Board of Directors, Webmaster
Neal
Staff member
Corporate Member
One last comment, the cable on the saw is 14/3.
and that's probably fine for for the factory 6' cable. If it were mine, I would make a longer cable with the 12/3
 

Hmerkle

Board of Directors, Development Director
Hank
Staff member
Corporate Member
I was trying to stay out of this because the code is one thing, what I would do is another and there are good points all around for wire size for the "extension cord"

But, @Keye stated "3hp, single phase, 240v 30 amp breaker delta unisaw"

If I have a 30 Amp breaker, I want a cable capable of carrying 30 amps for a period of time. (We may have the saw running for quite a while while sawing, adjusting, sawing etc...)

In my home, all 30 AMP circuits have 10 AWG wire, so that is what I would attempt to copy in a "DIY extension cord." If I couldn't get that, I would opt for a 12 AWG cable.

YMMV, JMHO
 

Charles Lent

Charley
Corporate Member
It's the in-rush current that makes the 30 amp rating. The code allows the in-rush to be 150 % of the cable and breaker ratings. That said, if your breaker is 30 amps, I would not use wire smaller than 10 gauge to connect the saw.

A 20 amp breaker with delayed trip to account for the 150% in-rush current during the motor start cycle, and 12 gauge wire is actually sufficient for a 3 hp 240 volt Unisaw.

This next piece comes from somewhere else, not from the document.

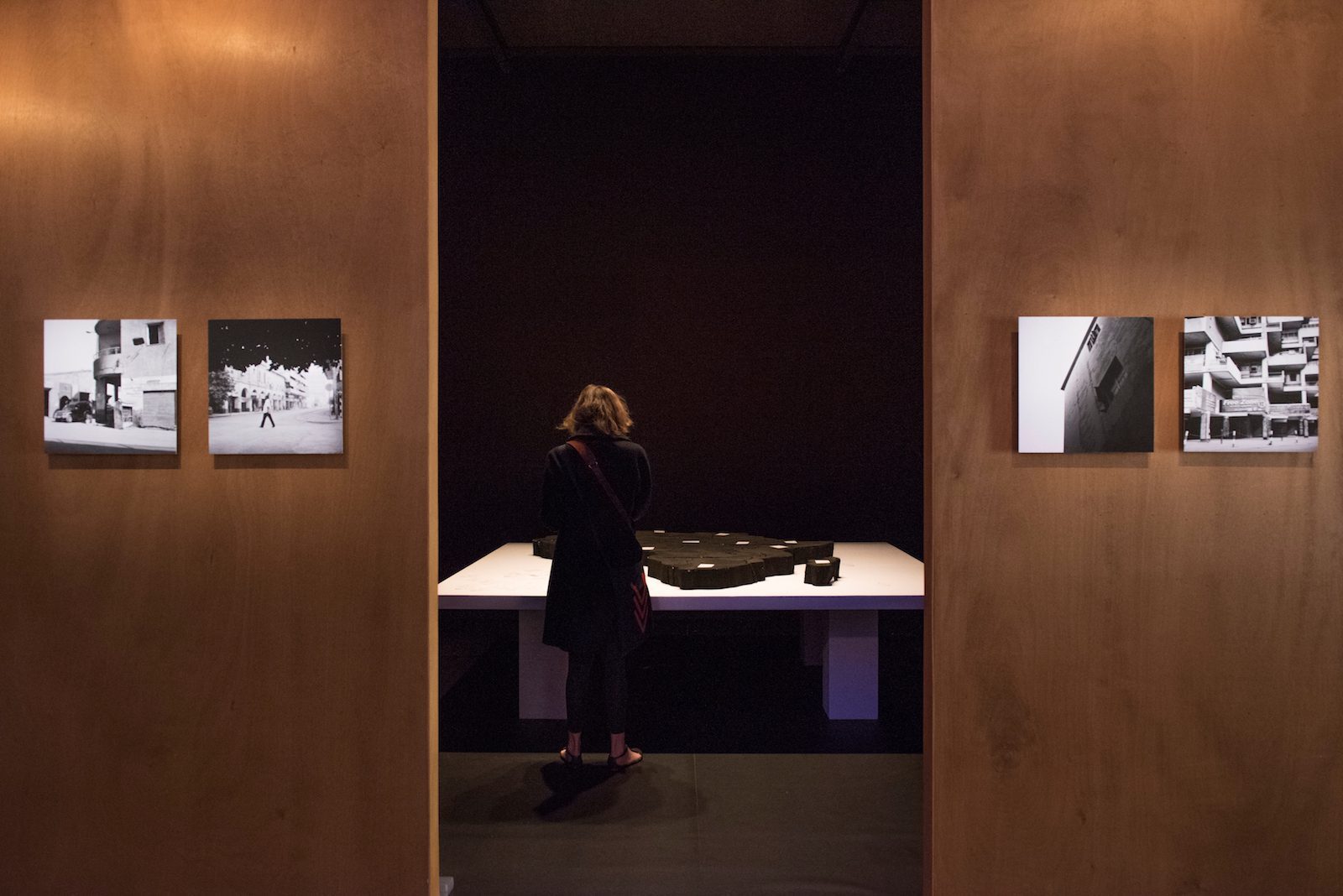 Plongé.e dans l’obscurité, on pénètre dans l’espace d’exposition qui s’est enfin affranchi de ses murs blancs. Du moins tout ce qu’il en reste est matérialisé dans Labyrinth de Youssef Limoud, métaphore d’une ville en ruine. Cette sculpture monumentale située au carrefour de l’exposition traduit l’intention curatoriale de Simon Njami de présenter une pensée labyrinthique de la ville. L’œuvre de Limoud nous interpelle à la fois sur un plan mental et physique. C’est une invitation à la perte de soi et au dépassement pour trouver une issue de secours. L’équilibre du corps et la stabilité du regard de celui qui tente de s’y aventurer sont mises à mal. Ce labyrinthe nous permet d’ores et déjà de décentrer notre perception et de comprendre qu’il va falloir renoncer à une cartographie signalisée de l’exposition collective. Fini le déambulemente habituel des connaisseurs de l’art, on est dans un tas de ruines, un lieu informel qui n’attend d’être signifié que par la lecture sensorielle de chacun.une. Ces pans de murs pourraient nous tomber dessus comme pour faire état des lieux des vies précaires sujettes au cycle de violences post-11-Septembre. Cette agora dévastée nous interroge sur les conditions de préservation d’une sphère publique où le déploiement de la pensée critique resterait possible (2). Quel est le dessein social de ces machines infernales que sont les métropoles, pompes névralgiques du capitalisme à outrance ?

Use 240 volt 20 amp plug and outlet configurations with the power pin or both pins turned 90 degrees from the normal 120 volt plug, and matching receptacle configuration to prevent damaging a 120 volt tool from being plugged into this power source.

There are 12 ga extension cords with the 90 deg power pin available, and they are cheaper than buying the pieces to put on bulk 12 SJO type cable. Think window 240 volt Air Conditioner Extension Cables. 3-10ft lengths are readily available.

Charley
 

golfdad

Co-director of Outreach
Dirk
Corporate Member
Agrees with Scott. 10ga min. Our company 240 volt machines dont get hooked up with anything higher than 8 gauge.
 

tvrgeek

Scott
Corporate Member
One last comment, the cable on the saw is 14/3.
Just as stupid as the DeWalt planers with 15A plugs and a 17A internal breaker which pull closer to 20A continuous running. Stupid is as stupid does. So much for UL and CSA. DeWalt could have done us a big favor and allowed wiring for 110 or 220. So, job site run on 110, shop use on 220.

It is smart to different between preventing a fire and actually working well.

The plug you use is defined by the spec. Nema R620 or 630 depending. Receptacle must not exceed the branch breaker and cable. I actually prefer the locking, L620 etc.